*Exercise instructions*: For the data that follows, print the line with "Voila! You’ve now", the line with "Картинка симпатичная и", and all lines between them, exactly as they stand. Omit pictures and add nothing.

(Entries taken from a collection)
--- START ---

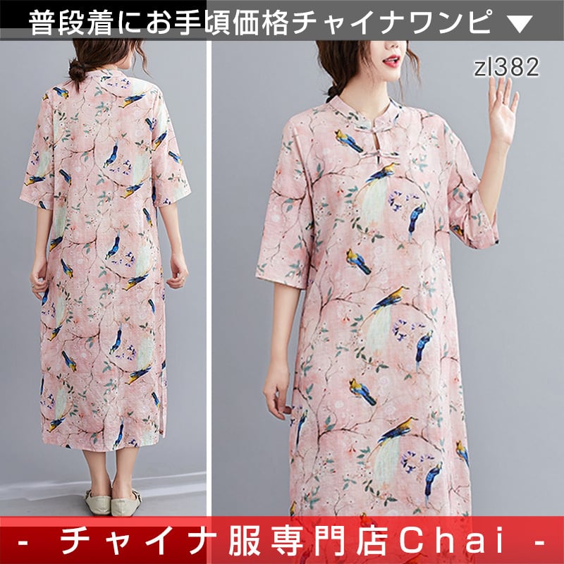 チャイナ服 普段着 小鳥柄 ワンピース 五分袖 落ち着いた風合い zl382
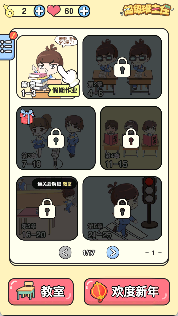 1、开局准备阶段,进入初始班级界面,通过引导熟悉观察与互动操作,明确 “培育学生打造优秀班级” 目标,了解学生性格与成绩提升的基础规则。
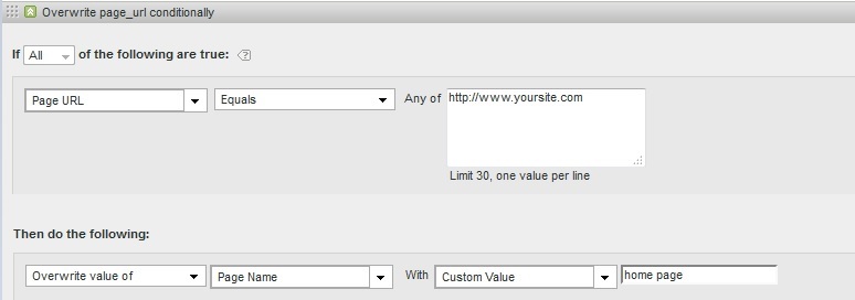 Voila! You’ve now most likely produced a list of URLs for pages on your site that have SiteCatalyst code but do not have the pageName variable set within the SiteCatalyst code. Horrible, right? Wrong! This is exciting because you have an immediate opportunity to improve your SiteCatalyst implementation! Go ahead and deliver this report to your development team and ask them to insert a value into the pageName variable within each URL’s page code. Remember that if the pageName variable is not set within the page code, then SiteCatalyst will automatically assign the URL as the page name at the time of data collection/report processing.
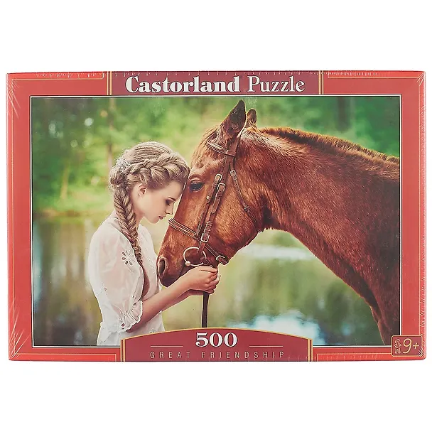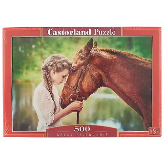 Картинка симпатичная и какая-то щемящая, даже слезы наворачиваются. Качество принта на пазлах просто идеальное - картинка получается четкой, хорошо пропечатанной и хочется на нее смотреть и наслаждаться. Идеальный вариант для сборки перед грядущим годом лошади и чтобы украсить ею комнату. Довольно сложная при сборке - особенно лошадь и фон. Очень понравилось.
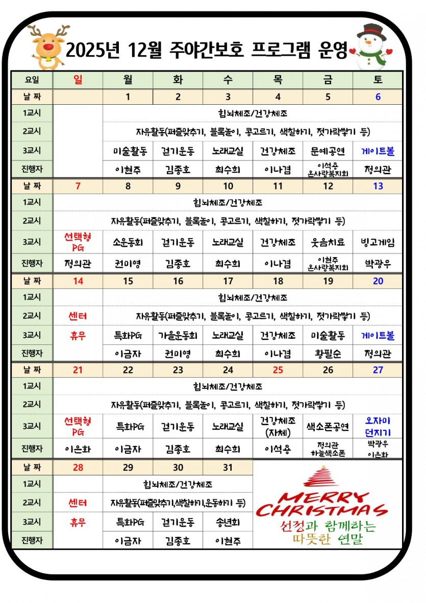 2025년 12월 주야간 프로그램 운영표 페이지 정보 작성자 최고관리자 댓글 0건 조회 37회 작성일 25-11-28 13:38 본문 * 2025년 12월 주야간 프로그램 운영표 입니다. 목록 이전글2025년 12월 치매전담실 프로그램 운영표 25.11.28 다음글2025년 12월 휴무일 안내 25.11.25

--- END ---

*Reply*:
 Voila! You’ve now most likely produced a list of URLs for pages on your site that have SiteCatalyst code but do not have the pageName variable set within the SiteCatalyst code. Horrible, right? Wrong! This is exciting because you have an immediate opportunity to improve your SiteCatalyst implementation! Go ahead and deliver this report to your development team and ask them to insert a value into the pageName variable within each URL’s page code. Remember that if the pageName variable is not set within the page code, then SiteCatalyst will automatically assign the URL as the page name at the time of data collection/report processing.
 Картинка симпатичная и какая-то щемящая, даже слезы наворачиваются. Качество принта на пазлах просто идеальное - картинка получается четкой, хорошо пропечатанной и хочется на нее смотреть и наслаждаться. Идеальный вариант для сборки перед грядущим годом лошади и чтобы украсить ею комнату. Довольно сложная при сборке - особенно лошадь и фон. Очень понравилось.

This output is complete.